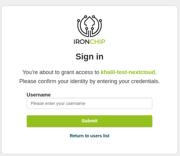 En la pantalla de inicio de sesión, aparecerá un nuevo botón: "Login with [Ironchip Login]".
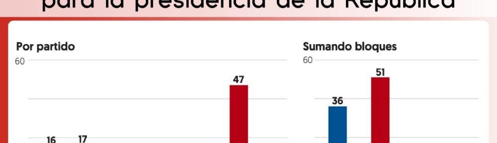 Sumando los bloques, la coalición Juntos Hacemos Historia, cuenta con el 51% de favoritismo, mientras que la oposición hace un 36% y Movimiento Ciudadano únicamente un 8%.
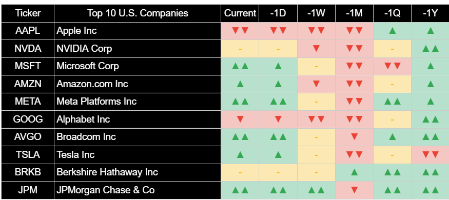 Performance among the largest U.S. companies was mixed on Thursday, with some notable decliners among the "Magnificent Seven" after recent strong runs, reflecting the broader market's cautious and rotational mood.
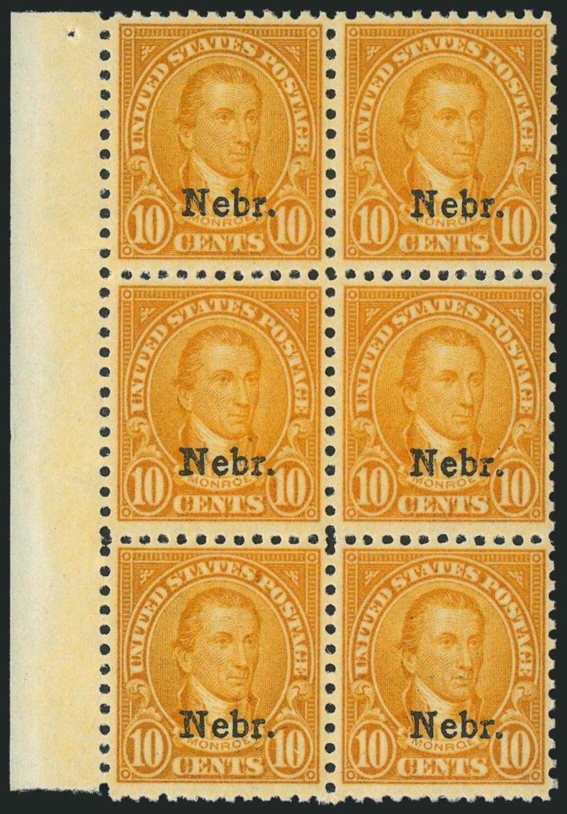 811 nhbl Image10c Nebr. Ovpt. (679). Mint N.H. vertical block of six with left selvage, rich color, Very Fine block, with six duplicated 2002 P.S.E. certificates (not photocopies) (Image)
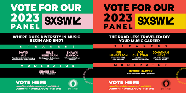Opposition has three exciting SXSW 2023 panel proposals with amazing moderators and an impressive line-up of speakers, and we need your vote!
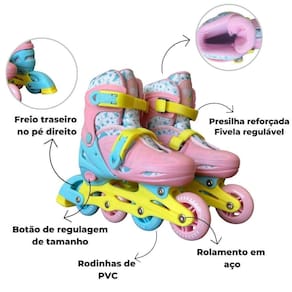 - produto certificado pelo inmetro e projetado com materiais de alta qualidade garantindo o conforto e agilidade necessária para manobras. - os patins também contam com sistema de rodas estáveis e duas presilhas reforçadas para uma melhor estabilidade dos pés. - freio traseiro para controle de velocidade, cano flexível e sistema de ajuste para se adequar ao tamanho - o produto acompanha um kit completo de segurança composto por um capacete, joelheiras, cotoveleiras e luvas de proteção - faixa etária recomendada: acima de 4 anos - peso máximo: 45 kg - corpo em polipropileno com bota interna em tecido forrado com espuma - alta absorção de impacto - fecho em metal e presilha polipropileno.

----

| What the task requires |
The required output is a verbatim repetition of the lines from the opening of the entries above through the line containing "Sumando los bloques, la", inclusive, with no pictures and nothing else.

| Solution to this task |
 En la pantalla de inicio de sesión, aparecerá un nuevo botón: "Login with [Ironchip Login]".
 Sumando los bloques, la coalición Juntos Hacemos Historia, cuenta con el 51% de favoritismo, mientras que la oposición hace un 36% y Movimiento Ciudadano únicamente un 8%.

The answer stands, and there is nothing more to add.